En el mediocampo, Casemiro, de 34 años, volvió a ser un pilar. A su lado, Fabinho, con 32, también recibió minutos con frecuencia, en una estructura donde la experiencia pesó más que la renovación.
Hubo señales de futuro: Rayan, joven promesa de Bournemouth con 19 años, y Danilo del Botafogo, de 25, aportaron argumentos para mirar hacia adelante. Aun así, el propio Ancelotti reconoció después de la eliminación que hace falta “sangre nueva” y jugadores capaces de elevar el nivel en el fútbol brasileño.

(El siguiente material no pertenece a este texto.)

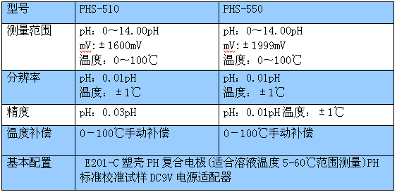 基本配置 E201-C塑壳PH复合电(适合溶液温度5-60℃范围测量)PH标准校准试样DC9V电源适配器。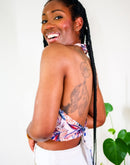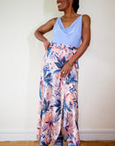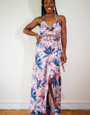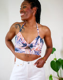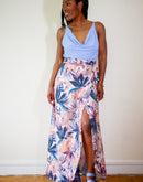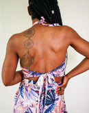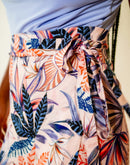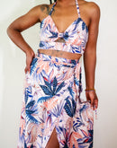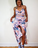 Composé d’une jupe portefeuille à nouer taille haute et d’un top dos nu à nouer, il mixe sensualité, confort et fluidité.
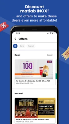 The INOX app also includes features to make your movie experience even better. You can set alerts for upcoming movies, easily navigate and book tickets and food, and plan your movie experience in advance with show end time information. The app also offers personalization, recommending movies, food, and seat preferences tailored just for you. Plus, you can use InstaPay, a trusted digital wallet, for safe and seamless transactions.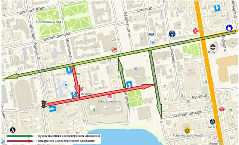 Так, одностороннее движение планируется ввести на участках по ул. Бухарбай батыра от пр. Женис до ул. Азербайжана Мамбетова и по ул. Желтоксан от ул. Кенесары до ул. Бухарбай батыра. Изменения вступят в силу в четверг, 15 ноября 2018 г.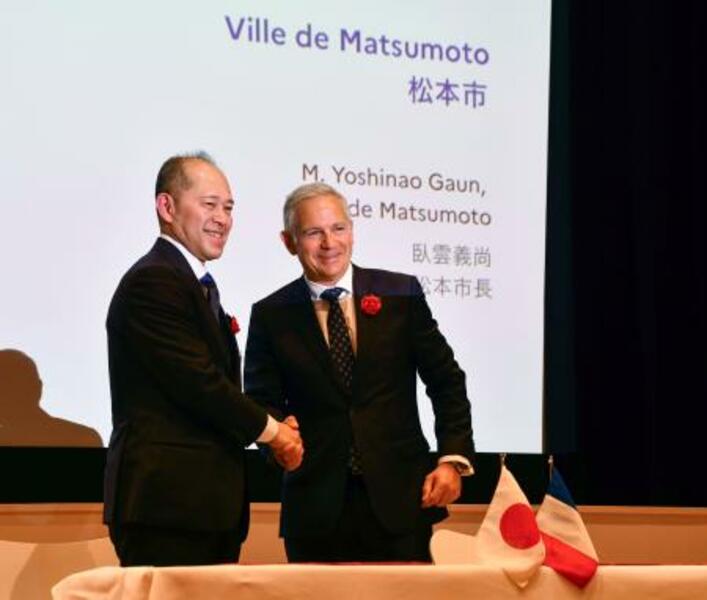 握手する長野県松本市の臥雲義尚市長(左)とシャンボール国立公園トップのピエール・デュブルイユ氏=1日午後、東京都港区

“Necesitamos jóvenes, necesitamos jugadores de alto nivel entrando al fútbol brasileño. Esta selección tiene un grupo muy sólido: grandes futbolistas que continúan y también algunos que pueden sumarse”, expresó el técnico.
Neymar: convocatoria polémica y lesión que cambió el plan
El otro protagonista del debate fue Neymar. Ancelotti lo incluyó en la lista con 34 años en un contexto de presión mediática y de sectores de la afición. El respaldo llegó pese a que su último partido con la selección había sido en octubre de 2023, cuando las lesiones y problemas físicos lo mantuvieron fuera de ritmo.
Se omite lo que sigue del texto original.